Crypto Series: Cryptographic hash functions – SHA-2

Posted by Eloi Sanfèlix

So far, we've looked at block and stream ciphers in this series, including examples of each of them. Before going into asymmetric crypto I want to explain a little bit about cryptographic hash functions and some of their applications. We'll look at hash functions in general and at the SHA-1 hash function as an example.

Note that I'll often skip the 'cryptographic' adjective throughout this series of posts, but I'll always refer to cryptographic hash functions and not to regular hash functions. And as usual, this is by no means complete but just tries to give a basic understanding of what hash functions are and how they usually look like.

I must say I never studied hash functions too deeply, so this stuff will serve as a reminder for me as well. If something is not as accurate as you'd hope for, let me know in the comments ;-).
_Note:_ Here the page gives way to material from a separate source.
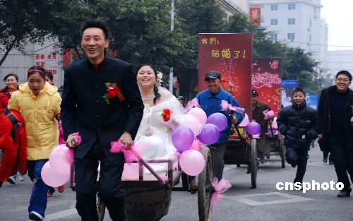 1月13日上午,一支由新郎拉著板車(chē)載著新娘的板車(chē)迎親隊(duì),浩浩蕩蕩經(jīng)過(guò)重慶梁平縣城,沿途向行人撒喜糖、紅包,然后奔向新家。這支新穎、獨(dú)特的迎親板車(chē)隊(duì),引得沿途行人駐足觀看,許多汽車(chē)主動(dòng)停下讓道,并鳴笛向他們祝賀。沿途許多市民對(duì)他們這場(chǎng)婚禮贊不絕口,送上對(duì)新人的祝福。新郎周剛介紹,新娘黃林鳳家住廣西來(lái)濱市,她愿從那么遠(yuǎn)的地方嫁過(guò)來(lái),讓他很感動(dòng),就想以一種特別的方式娶她,因此請(qǐng)人策劃了這場(chǎng)婚禮。新郎稱,租汽車(chē)需花2000元左右,租10輛板車(chē)只花了400元,用板車(chē)比汽車(chē)節(jié)約,其實(shí)節(jié)約這點(diǎn)錢(qián)對(duì)他們來(lái)說(shuō)不算什么,但主要的是這種形式終身難忘,要的是倡導(dǎo)婚事新辦節(jié)約。當(dāng)天他們向行人撒了約5公斤喜糖,撒了200個(gè)、內(nèi)裝2元錢(qián)紅包。中新社發(fā) 木文 攝

Cryptographic Hash functions: properties

A cryptographic hash function is defined as a series of operations over an input message of arbitrary length, producing an output of fixed length (hash or message digest) such that a change to the message would not come unadvertised. It should be easy to compute a hash function from a message, but given a hash value it should be infeasible to find a message that would produce that value. Further, given a message it should be infeasible to find a second message producing the same message digest and as I stated before, it should be infeasible to modify a message without modifying its hash value.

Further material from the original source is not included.